UnknownHelps delay or defray a low blood sugar incident

Glucose Rapid Spray was one of my finds at the American Association of Diabetes Educators’ (AADE) Conference a few weeks ago as I ambled through the Exhibition Hall. I think it’s a most innovative product that offers three distinct advantages–it provides what it says “rapid glucose delivery” with quick absorption through the surface of your inner cheeks. It offers great portability as its tiny size fits in the palm of your hand, and, it can delay and possibly deflect a low. My only word of caution, however, since we all react to things diabetes differently, is if you give it a try, since it’s uncertain just how many sprays will lift your blood sugar how far, test your blood sugar response over an hour after using, to see how your body reacts. The directions call for 5-10 sprays but you may require more, or less. Also, it’s not marketed as an emergency remedy but a way to keep your blood sugar from dropping like a stone before you can treat it.

My unexpected test of Glucose Rapid Spray occurred the other day when I took my usual one hour walk around my local park and returned at 11 AM with a blood sugar of 50. Great, I said, now I can try out Glucose Rapid Spray! The label directs you to spray 5 to 10 sprays into your mouth directed to your cheek and repeat as desired. So I sprayed 5 sprays into each cheek.
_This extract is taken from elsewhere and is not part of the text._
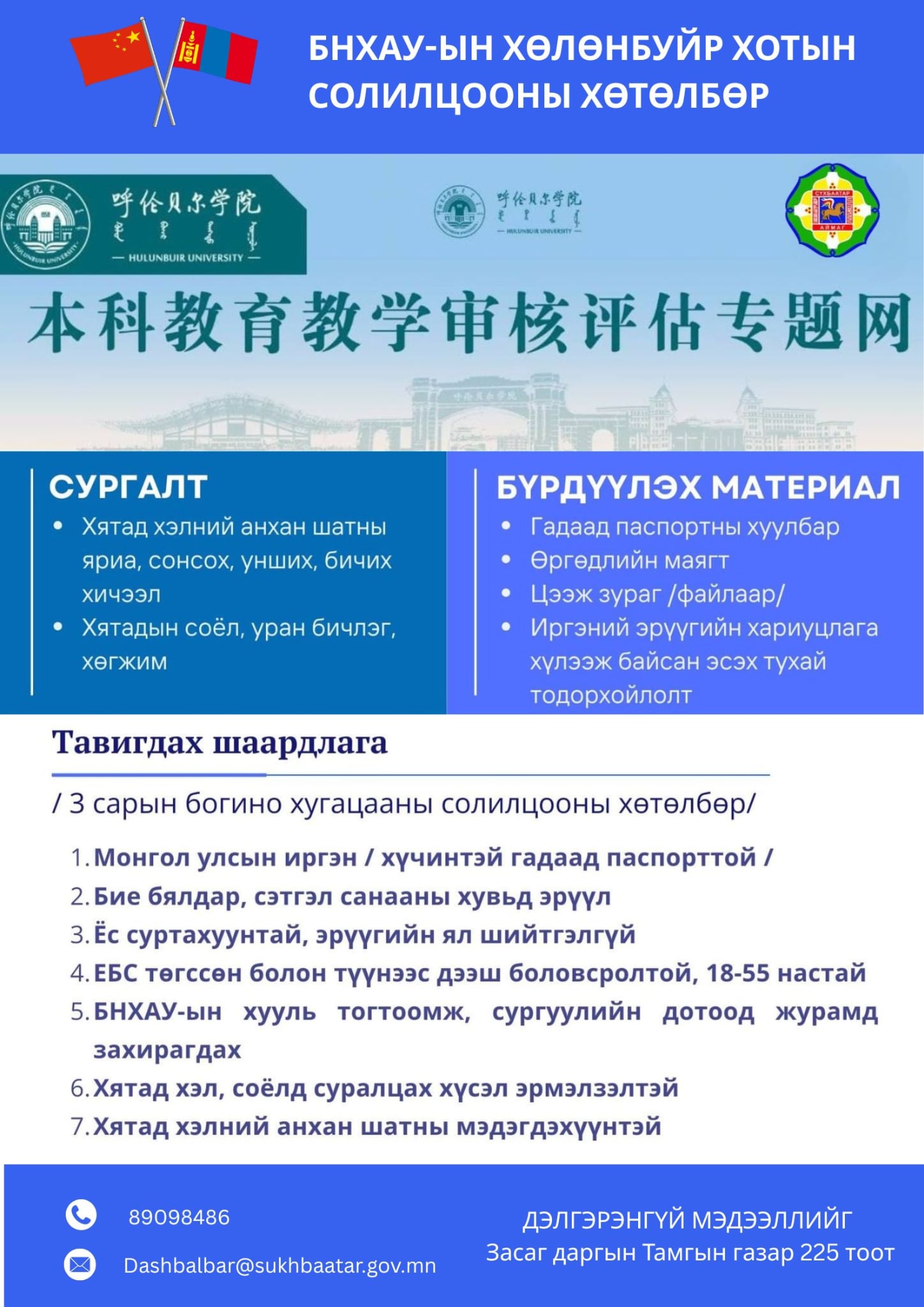 ГАДААД СОЛИЛЦООНЫ ХӨТӨЛБӨРИЙН БҮРТГЭЛ ЭХЭЛЛЭЭ  БНХАУ-ын ӨМӨЗО-ны Хөлөнбуйр хот болон Сүхбаатар аймаг хоорондын боловсрол, соёлын хамтын ажиллагааг гүнзгийрүүлэх зорилгоор Хөлөнбуйрын Их Сургуульд 2026 онд богино хугацааны хөтөлбөрт хамрагдах 5 орон тоо за | HuduuMN

While I have the orange flavored version, it also comes in raspberry, the taste is strong, and almost simultaneously sweet and slightly bitter.

I checked my blood sugar fifteen minutes later and it had lifted me to 60. Not bad I thought, but wanting to see what would happen over a bit more time I tested my blood sugar again in another fifteen minutes, now 30 minutes from my initial blood sugar of 50. I was 53. I had risen to 60 and then dropped to 53. Obviously I needed more than 10 sprays to lift me higher. As the directions instruct, I could have sprayed several more mists, but I opted since I was already home to chomp on some glucose tabs.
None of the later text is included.